I have a question if you or anyone here can help me to answer. I noticed that alot of the guide rail plans here by many experts don't take into account of play in the system. I.E. if you place the bearing into the guide, chances are there will be some play hence creating some sort of backlash. Is this something I should be worried about? Or is it not a concern when creating such a rail system with bearings?
With the rail system you are using, does the outer diameter of the bearing exactly fit the aluminium guide or do you expect some play?
Thanks.
Alex
Hi DeWalt58,
Thanks for your explanation. I am getting some of what you are saying although I believe for me to really understand how the concentric and eccentric bushing will remove play will be for me to buy some and test them out. Will the V bearing rotate also? If so, I wonder how the eccentric bearing will rotate? If you know what I mean.

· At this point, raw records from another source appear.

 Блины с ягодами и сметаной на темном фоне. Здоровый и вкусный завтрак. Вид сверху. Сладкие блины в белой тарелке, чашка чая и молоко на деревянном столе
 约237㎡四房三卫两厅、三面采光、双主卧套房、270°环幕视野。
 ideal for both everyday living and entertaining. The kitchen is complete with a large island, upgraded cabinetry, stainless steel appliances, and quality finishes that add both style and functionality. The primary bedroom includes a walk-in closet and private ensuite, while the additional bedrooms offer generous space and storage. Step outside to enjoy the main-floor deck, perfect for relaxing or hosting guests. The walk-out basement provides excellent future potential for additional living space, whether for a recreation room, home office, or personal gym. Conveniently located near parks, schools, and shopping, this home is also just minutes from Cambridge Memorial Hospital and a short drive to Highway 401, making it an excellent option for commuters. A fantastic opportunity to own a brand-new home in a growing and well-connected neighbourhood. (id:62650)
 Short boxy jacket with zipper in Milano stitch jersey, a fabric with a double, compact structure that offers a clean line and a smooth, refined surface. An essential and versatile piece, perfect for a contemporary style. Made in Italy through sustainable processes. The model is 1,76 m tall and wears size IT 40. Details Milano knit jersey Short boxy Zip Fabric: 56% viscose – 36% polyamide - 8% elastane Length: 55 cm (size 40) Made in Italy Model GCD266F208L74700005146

I have a picture here which I have linked from another thread and its from Gerry (ger21). And it show his design for using skate bearing as a guide rail for his router. Now looking at the picture, how do you ensure there are no play for the top and bottom bearing? There doesn't seem to be any adjusting plate to get the two bearings to move closer so they will sit tightly on the flat metal surface.
I am planning to build my own mill using similar system of rails and would like to know how they actually work before building one. Thanks.
Alex
Alex, I moved your question back into this thread. There is no easy way in the pic you copied to adjust the bearings. Further down in this thread I was going to use the eccentric bushings for the adjustment.

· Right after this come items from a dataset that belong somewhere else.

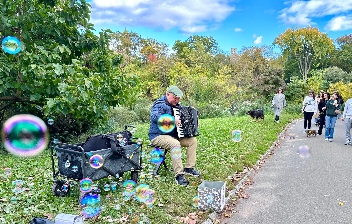 비누방울 흘리며 아름다운 노래 연주하는 할아버지 모습이 공원 풍경과 넘나 잘 어울렸다.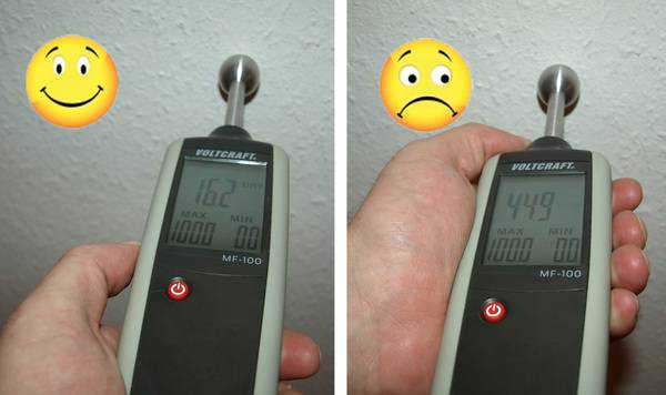 Die handelsüblichen Messgeräte dieses Typs lassen übrigens zu, dass man einen Wert vorgibt, ab dem das Gerät ein akkustisches Signal abgibt. Damit kann man mit einiger Geschwindigkeit auch größere Flächen absuchen. Das Gerät piepst beispielsweise bei einer Überschreitung von 30 Digits und signalisiert damit, dass der Messtechniker hier mal genauer schauen sollte.
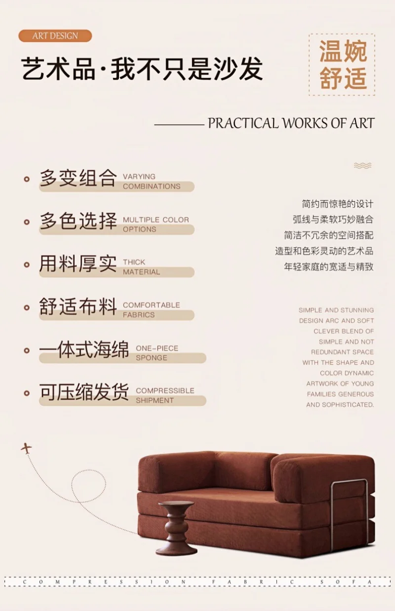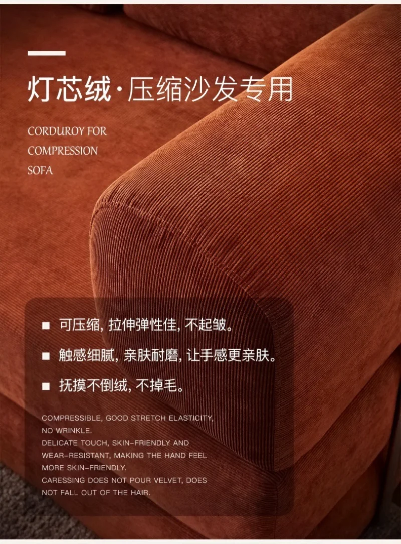 Compressed Sofa, Italian Minimalist Retro High-end Corduroy Living Room Sofa, Sofa Bed, Foldable, Washable, CustomizableCompressed Sofa,...
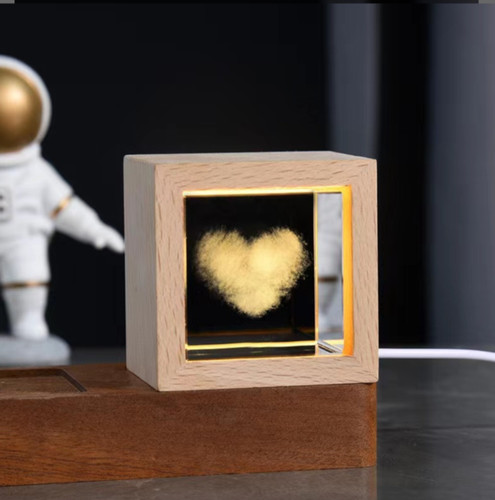 خرید و قیمت چراغ خواب مکعب کریستال با فرم چوبی طرح ابر قلبی سه بعدی/6.5 * 6.5 س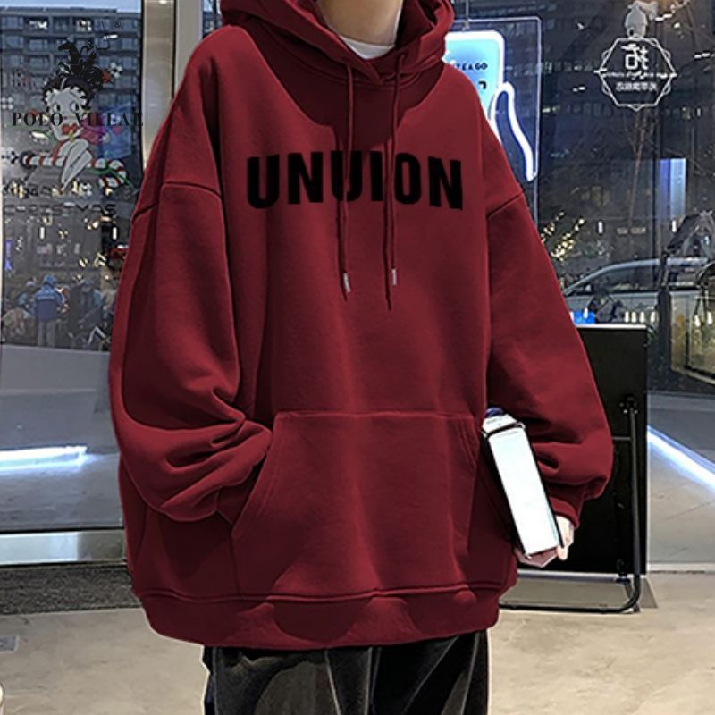 美式字母印花个性小众oversize连帽卫衣男女秋冬酒红色外套上衣潮

The eccentric and concentric bushings are not bearings, and do not rotate. They are 3/8 diameter, to fit inside the bearings of the V-rollers, and have a 1/4" bore , so the rollers are mounted on 1/4" bolts. The eccentric bushing has the 1/4" hole off center, so as you rotate the bushing the roller can be adjusted tighter or looser. Once you have it the way you want, you tighten the 1/4" bolt to lock it in place.
Gerry
UCCNC 2017 Screenset
http://www.thecncwoodworker.com/2017.html
Mach3 2010 Screenset
http://www.thecncwoodworker.com/2010.html
JointCAM - CNC Dovetails & Box Joints
http://www.g-forcecnc.com/jointcam.html
(Note: The opinions expressed in this post are my own and are not necessarily those of CNCzone and its management)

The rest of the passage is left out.